Глава 2 Происшествия с живыми памятниками

"Последний звонок" начался с задержкой — опаздывал кто-то из руководства завода.

Время тянулось неспешно. Быстрое оно, только когда идут каникулы. На заасфальтированной спортплощадке перед желтым трехэтажным зданием школы шеренгой в виде буквы "П" выстроились ученики всех классов с первого по десятый. Между двух фонарей морщился ветром красный транспарант с надписью "До свидания".

Из репродукторов звучали песни про школу, написанные будто для дошкольников. Учителя нервничали и переминались с ноги на ногу. На заборе, столбах, деревьях, футбольных воротах виднелись ленты и воздушные шарики.

Особенно шарики. Виднелись. Виднелись — не то слово. Рябили в глазах. Куда ни посмотри, там шарики. Все вокруг радостно заболело ветрянкой. А потом из-за шариков случилось вот что.

Завхоз дядя Петя занимался шариконадувательством при помощи легкого газа из баллона и передавал шарики для повешения слесарю дяде Коле. Постепенно у того над головой возникла их целая гроздь, огромная и разноцветная. Привязанные к ним нитки-ленты дядя Коля для удобства наматывал на руку. Физику он учил давно и недооценил коварно накапливающуюся подъемную силу, поэтому через некоторое время неожиданно для себя поднялся в воздух, готовый лететь куда-то далеко-далеко.

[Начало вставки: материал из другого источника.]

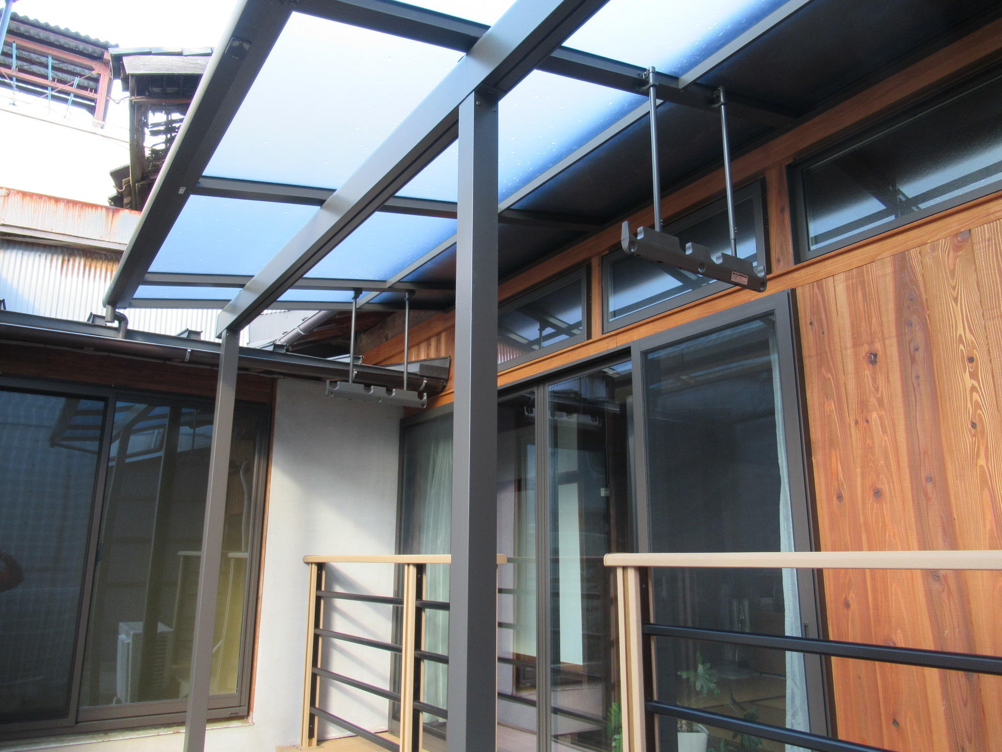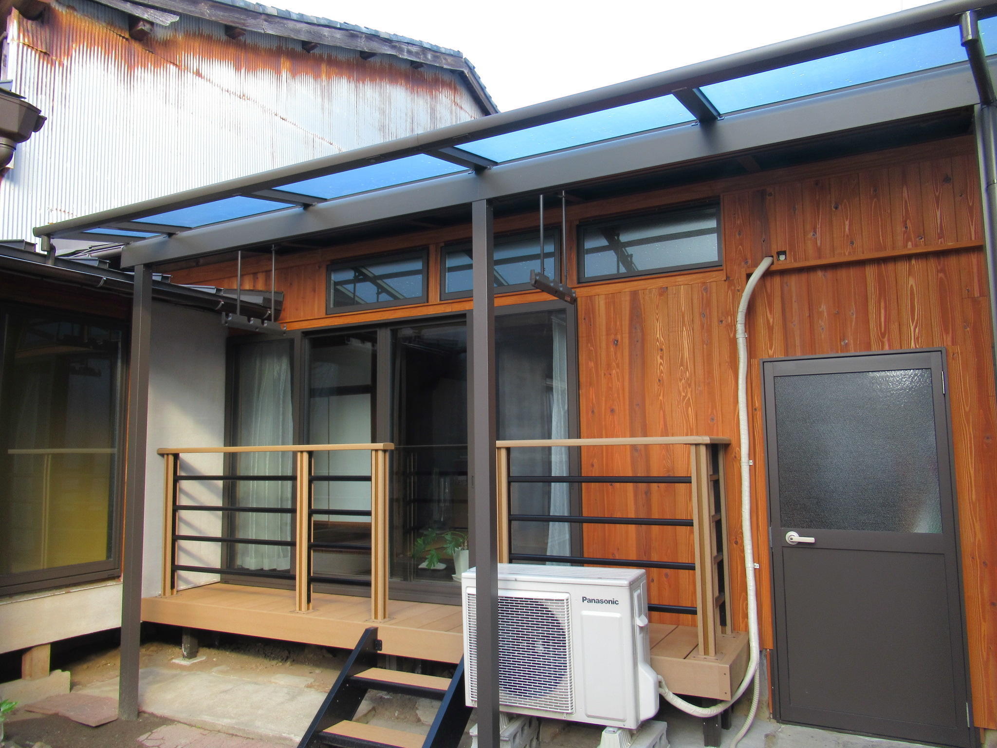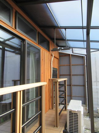 サッシ:LIXIL サーモスL ランマFIX テラス:LIXIL スピーネF型 自在桁、屋根熱線吸収ポリカ ウッドデッキ:LIXIL 樹ら楽ステージ ステップ2段 フェンス
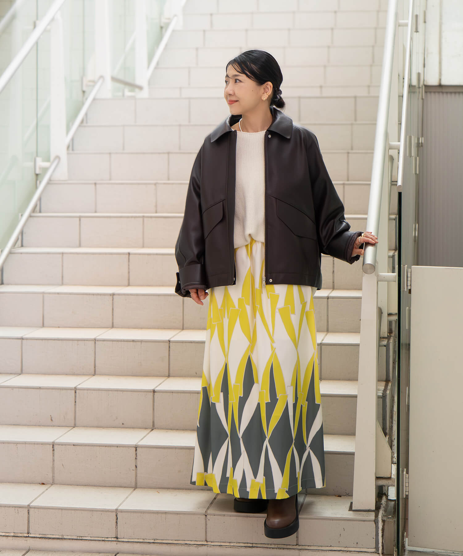 ボリューム感のあるレザーブルゾンをわざと大きめにバサッと羽織りたくて選びました。フロントはすっきりと、バックにかけて丸みのあるフォルムが出て、小柄なわたしもちょうどいいバランス。チョコレートのようなダークブラウンがシックな雰囲気もあり気に入っています。ハードになりすぎないようにフェミニンなスカートと合わせたところがポイント。
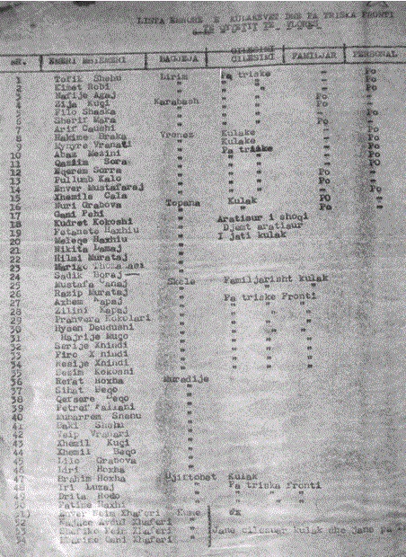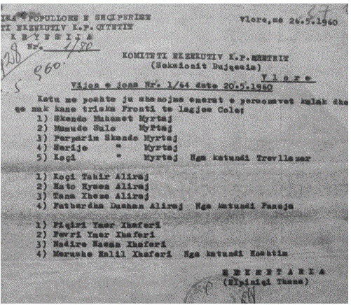 Lista me emrat e 84 familjeve “kulakë” të Vlorës në 1960

К счастью, его схватили и привязали длинной веревкой за ногу к скамейке. Избавление от лишних шариков отложили на потом, так как наконец зазвучали торжественные речи, во время которых положено стоять в шеренге, а не мешать слесарям возноситься на небо, из-за чего дядя Коля все мероприятие провисел в паре метров над землей.

…Первым взял слово директор школы Авангард Аполлонович, маленький, толстенький и строгий, в этом году ему исполнилось шестьдесят пять.

Я буду краток, соврал Авангард Аполлонович и целую вечность рассказывал о том, как прекрасно все учились, каких достигли успехов и насколько тяжело ему расставаться с выпускниками, но оставить их на второй год он, увы, не смог, а в конце сообщил, что передает микрофон начальнику областного отдела образования Рэму Максимовичу, который, к сожалению, существует в единственном экземпляре (от такой шутки учителя содрогнулись), везде успеть не в состоянии и поэтому прислал свою голограмму, она сейчас и выступит, поаплодируем ей, товарищи.

На табуретку положили проектор, и из него, как джин из бутылки, явился призрачный Рэм Максимович, сначала метров пятнадцати в высоту и с громоподобным голосом, но затем большого начальника уменьшили до человеческого размера и говорить он стал тише.

Однако и очеловеченный Рэм Максимович ничего нового не поведал. Улыбался, напутствовал, желал удачи, а потом под аплодисменты струйкой дыма залез обратно.

Дальше у микрофона возник немолодой, высокий и взъерошенный главный технолог завода "живых памятников" Эдуард Данилович и по толпе пронесся тяжелый вздох. Вздохнули все, даже первоклашки и висящий в воздухе дядя Коля. Эдуарда Даниловича мы знали, он приезжал в школу на праздники и всегда говорил долго, с удовольствием, ни на что не обращая внимания. Его просят о минутной речи — он не замолкает полчаса.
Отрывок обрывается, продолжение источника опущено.